1. BÖLÜM

3 1 5
                                    

Ben Vokal. Orta durumlu 2 katlı ilk katını kiraya verdiğimiz bir evde büyüdüm. Durumumuz orta maliyetli bir aile. Derslerine önem veren huzurlu bir ses gibiyim ben. 11. sınıfa gidiyorum.

Kulağımda kulaklık ile yolda yürüyordum. Dışarıdaki sesi azda olsa duyabiliyorum. Dedikoducu teyzeler, sigara tüttüren amcalar, kediye eziyet çektiren çocuklar, topunu balkona kaçıran gençler ve okula giden yaşıtlarım. Bu sesler okadar uyumsuz ki size anlatamam. Ancak resim hocam bir konuyu anlatırken "bugün uyumsuzlukların uyumunu çizeceğiz, zıtlıklarla sanat icra edeceğiz." Demişti. Ve çok güzel bir resim çizmişti tüm sınıf. Bu ses karmaşasına aldırış etmeden yoluma devam ettim.

Okulun önüne geldim. Yavaş adımlarla içeri girdim. Kapıda herşeyim, yaşam sebebim, nefes tüpüm Eylül'ümü görüm. İçimi kaplayan huzurla koluma girdi. Beraber sınıfa geçtik.

Sınıfta bana platonik bir çocuk var. İsmi Enes. Yakışıklı değil diyemem ama ciddiyim ki benim kafadan değil.

Ama birde gelin görün bende birisini seviyorum. İsmi Ömer. Çocuk karizma. Aşırı yakışıklı, Kibar, futbol kariyeri olan, dersleri normal, saçlar yandan alınmış ve kıvırcık. Yani anliyacağınız tam olarak benim erkek halim. Benden de hoşlandığını düşünüyorum. Bana diğerleri gibi davranmıyor. Aşırı tatlı.

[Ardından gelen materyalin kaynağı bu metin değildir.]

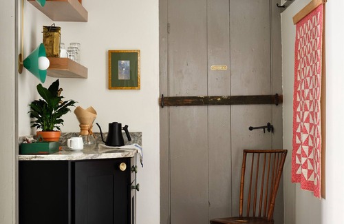 The two bedrooms each feature a queen bed, private full bathroom, as well as plenty of storage. Furniture throughout is a mix of antiques and new pieces ranging from early 19th century to today. Bedroom 1 has a cozy seating area with a lounge chair and reading lamp. Bedroom 2 has a desk setup, ideal as a writer's retreat or for you to work on vacation. (The WiFi is impressively fast for rural Maine.) Beds in both rooms are flanked with Blueprint NYC sconces and antique side tables. Bedding has been selected to ensure a restorative and luxurious night’s sleep. Plush mattresses topped with crisp percale sheets and a warm blankets or quilts offer guests a much needed rest so they can dream about what adventures they will have the next day. When you wake, you can freshen up in the classic b On top of these historic bones, we created a unique, luxurious rental space. Our biggest source of inspiration for the design of this project is the Maine concept of “Upta Camp.” This aesthetic pays homage to the multi-generational family retreats of the people that have come to the lake for a simplified way of life and an opportunity to reconnect with oneself and their friends and family. This space is unlike any other short-term rental in the Mount Washington Valley for its focus on high design, sleep experience, luxury products, as well as its unique historic setting. This as a four-season retreat, the perfect place for guests to relax after a long day of hiking, hunting, fishing, skiing, kayaking, floating the river, or enjoying the area’s many scenic drives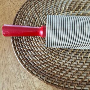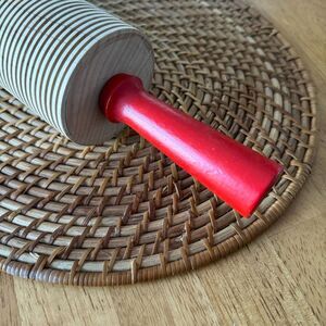 Lefse Wood Rolling Pin Grooved Corrugated Red Handle for Scandinavian Flatbread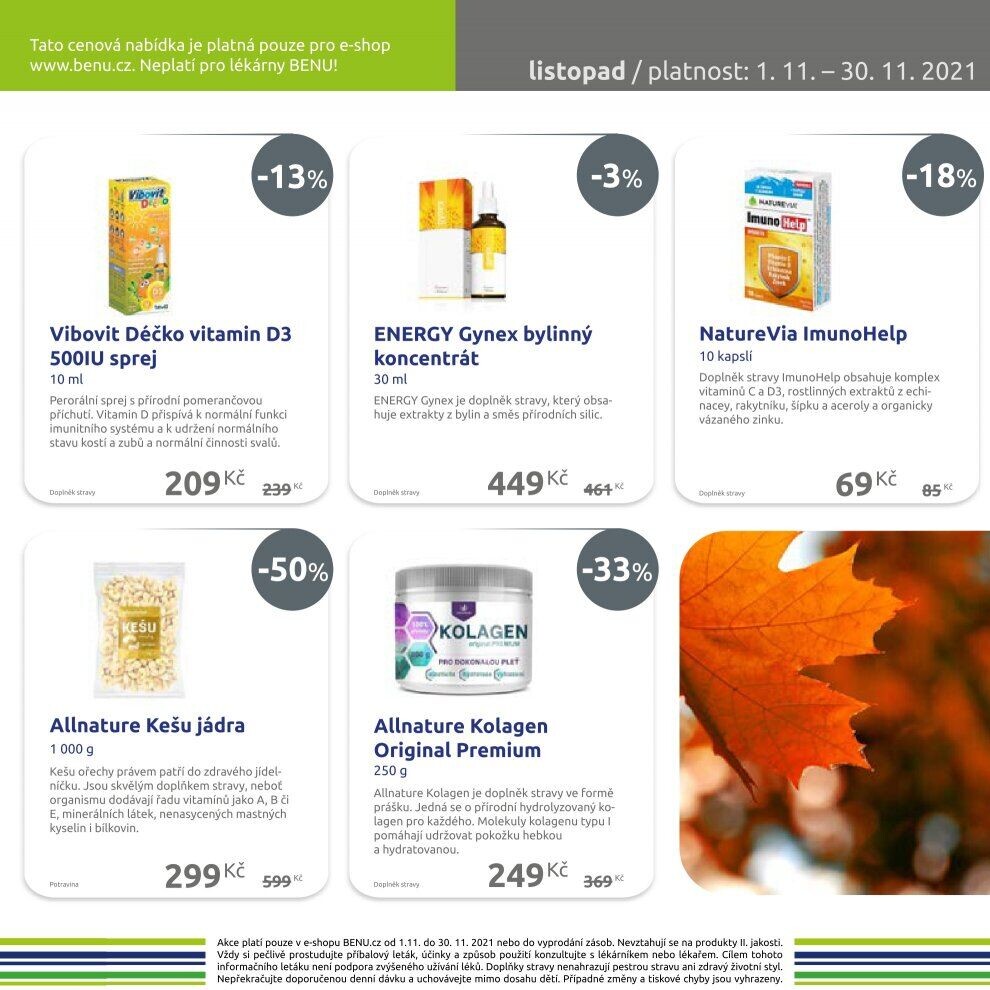 akce plati pouze v e•shopu benu.cz od 1.11. do 30.11. 2021 nebo do vyprodání zásob. nevztahují se na il jakosti.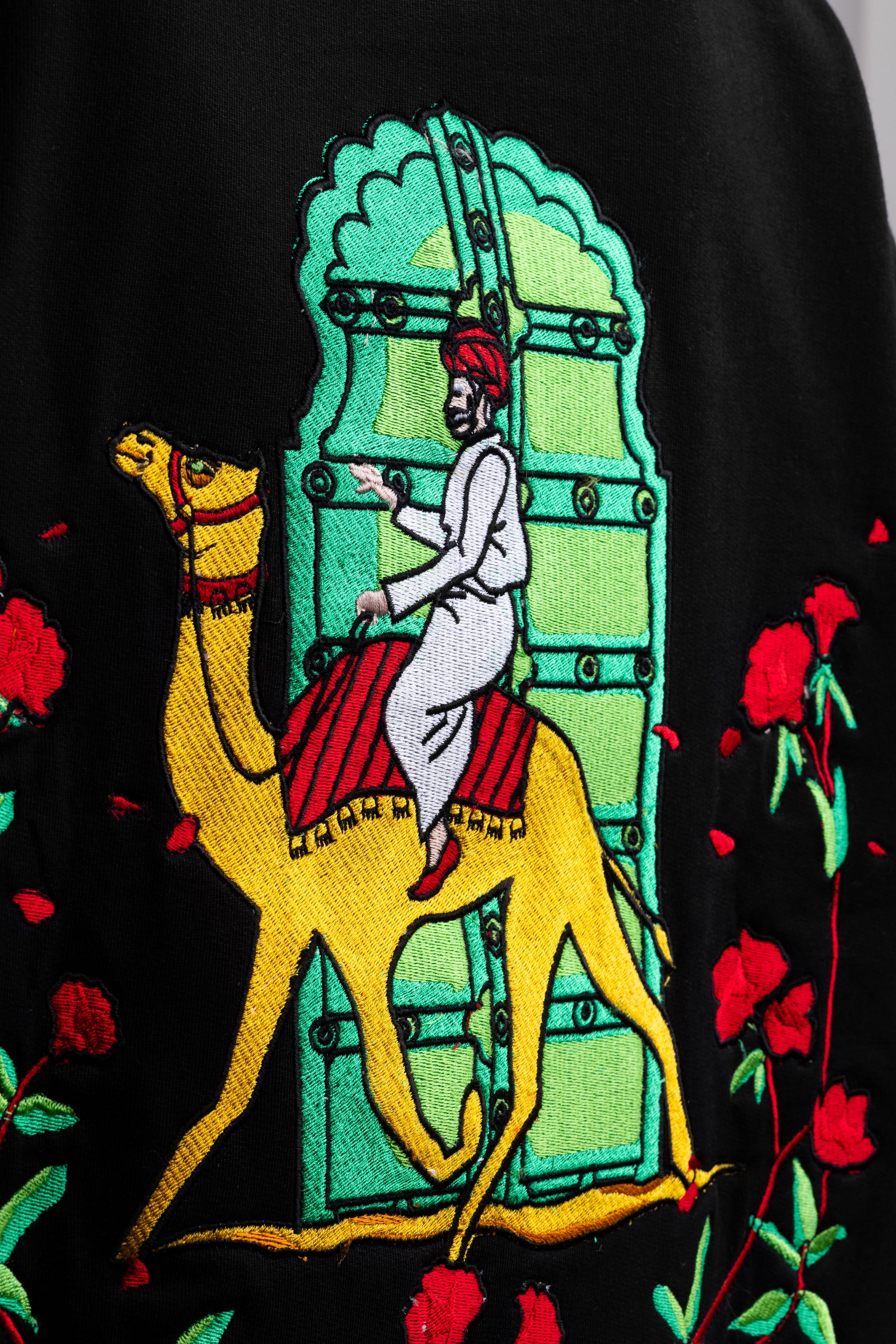With 1.87 lakh stitches, the embroidery blends two traditional techniques, Kashida for the flowing nature-inspired motifs and Tatami for rich, dense fills that give body to the camel and rider.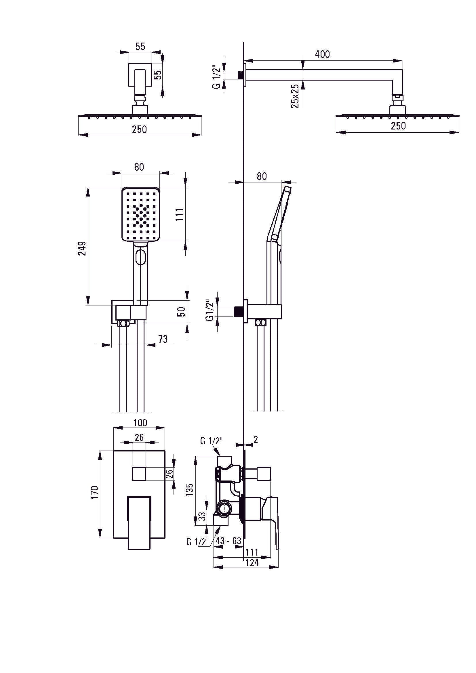 This concealed shower set in polished chrome is part of the Anemon Bis collection. The collection's key features are balanced proportions, striking lines, and a cubist shape. The set includes a mixer tap, a hand shower, a hand shower holder, a PVC hose, and a shower head. The mixer tap features a mechanical shower diverter that allows you to switch the water source between the hand shower and the shower head. The hand shower offers three spray modes: rain, mist, and a combination of both. The large square shower head is made of brass and features an anti-calc system that facilitates the removal of deposits and limescale.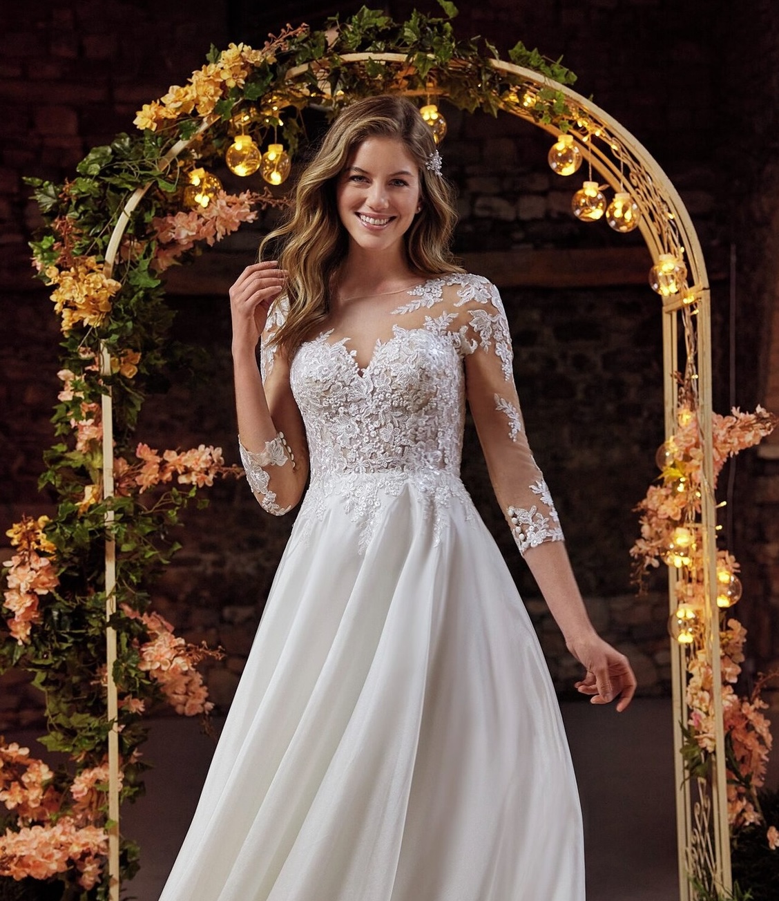 Model BOLINGO působí jako zhmotněná romantika. Korzet z třpytivé krajky s 3/4 rukávy krásně obepíná siluetu a vytváří elegantní dekolt, zatímco tylová princeznovská sukně působí vzdušně a něžně. Transparentní záda zdobená krajkovými aplikacemi a knoflíčky dodávají šatům jemný nádech smyslnosti. Tento model je ideální pro nevěstu, která hledá spojení klasické elegance a moderní ženskosti.

Sıralarımıza geçiyoruz. Eylül benim bir arka sıramda oturuyor. Maalesef derslerde hocalar kız-erkek otutturuyor. Ve bende Enes'le oturuyorum. Biraz kötü bir durum.

Aşırı iğrenç bir olay daha var. Ömer Eylül'le oturuyor. Tabiki gelecekteki enişteniz pas vermiyor. Bu çocukla ciddi bir ilişki istiyorum.

Ders matematik. Sevdiğim bir ders. 40 dakika boyunca sevdiğim bir uğraşla ilgilenmek beni huzurlu hissettiriyor.

Ders başlıyor. Konumuz açılar. Matematik hocamız " Çocuklar bu ders soru çözeceğiz, sınıfta fazla konuşma var. Eğer isterseniz bir dahaki ders oturma düzeni yapabiliriz." Diyor. Bu benim için harika bir haber. Bakarsınız Ömer ile otururuz. Çok iyi olmaz mı?

Sınıftan çok ses çıkmasından matematik hocamız rahatsız olacak ki sağ elini kaşlarını çatarak masaya önce yaklaştırıyor. Sonra arada beş satimetre kadar boşluk kalacak şekilde bekletiyor. Bunu sınıf görmeyince elini çekiyor. Baktı ses dinmiyor, hiç beklemediğimiz bir anda laps diye elini aşırı sert bir biçimde masaya vuruyor. Tabiki ruhumuzu teslim ediyoruz.

Sessizlik sağlanınca akıllı tahtayı açıyor. Bir kaç soru arıyor. Bilmediğim sitelere girip çıkıyor. Sitelerden çıkarken aradığını bulamamış olacak ki yüzü buruşuyor.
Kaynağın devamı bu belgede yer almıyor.